Recorded information

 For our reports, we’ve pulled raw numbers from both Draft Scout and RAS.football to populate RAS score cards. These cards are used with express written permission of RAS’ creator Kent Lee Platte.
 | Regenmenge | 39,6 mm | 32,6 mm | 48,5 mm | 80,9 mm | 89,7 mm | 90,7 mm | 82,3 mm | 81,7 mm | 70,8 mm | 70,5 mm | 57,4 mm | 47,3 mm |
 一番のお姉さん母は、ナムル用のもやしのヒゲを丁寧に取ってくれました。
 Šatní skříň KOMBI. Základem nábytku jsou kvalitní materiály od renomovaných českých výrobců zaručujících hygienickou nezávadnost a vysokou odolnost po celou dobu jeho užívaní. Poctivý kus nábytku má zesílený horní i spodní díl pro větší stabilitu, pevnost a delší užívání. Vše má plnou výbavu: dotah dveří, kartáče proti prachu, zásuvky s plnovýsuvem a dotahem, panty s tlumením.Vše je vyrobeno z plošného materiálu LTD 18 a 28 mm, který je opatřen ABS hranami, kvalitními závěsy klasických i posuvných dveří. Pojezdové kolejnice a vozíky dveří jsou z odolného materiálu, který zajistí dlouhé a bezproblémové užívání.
==
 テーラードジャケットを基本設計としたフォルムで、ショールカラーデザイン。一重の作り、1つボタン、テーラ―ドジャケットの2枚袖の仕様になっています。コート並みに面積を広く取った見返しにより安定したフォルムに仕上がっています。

Exercise requirements
Retype only this portion of the data above: the line containing "mm | 47,3 mm |", the line containing "一番のお姉さん母は、ナムル用のもやしのヒゲを丁寧に取ってくれました。", and all lines between them, exactly.

Task solution
 | Regenmenge | 39,6 mm | 32,6 mm | 48,5 mm | 80,9 mm | 89,7 mm | 90,7 mm | 82,3 mm | 81,7 mm | 70,8 mm | 70,5 mm | 57,4 mm | 47,3 mm |
 一番のお姉さん母は、ナムル用のもやしのヒゲを丁寧に取ってくれました。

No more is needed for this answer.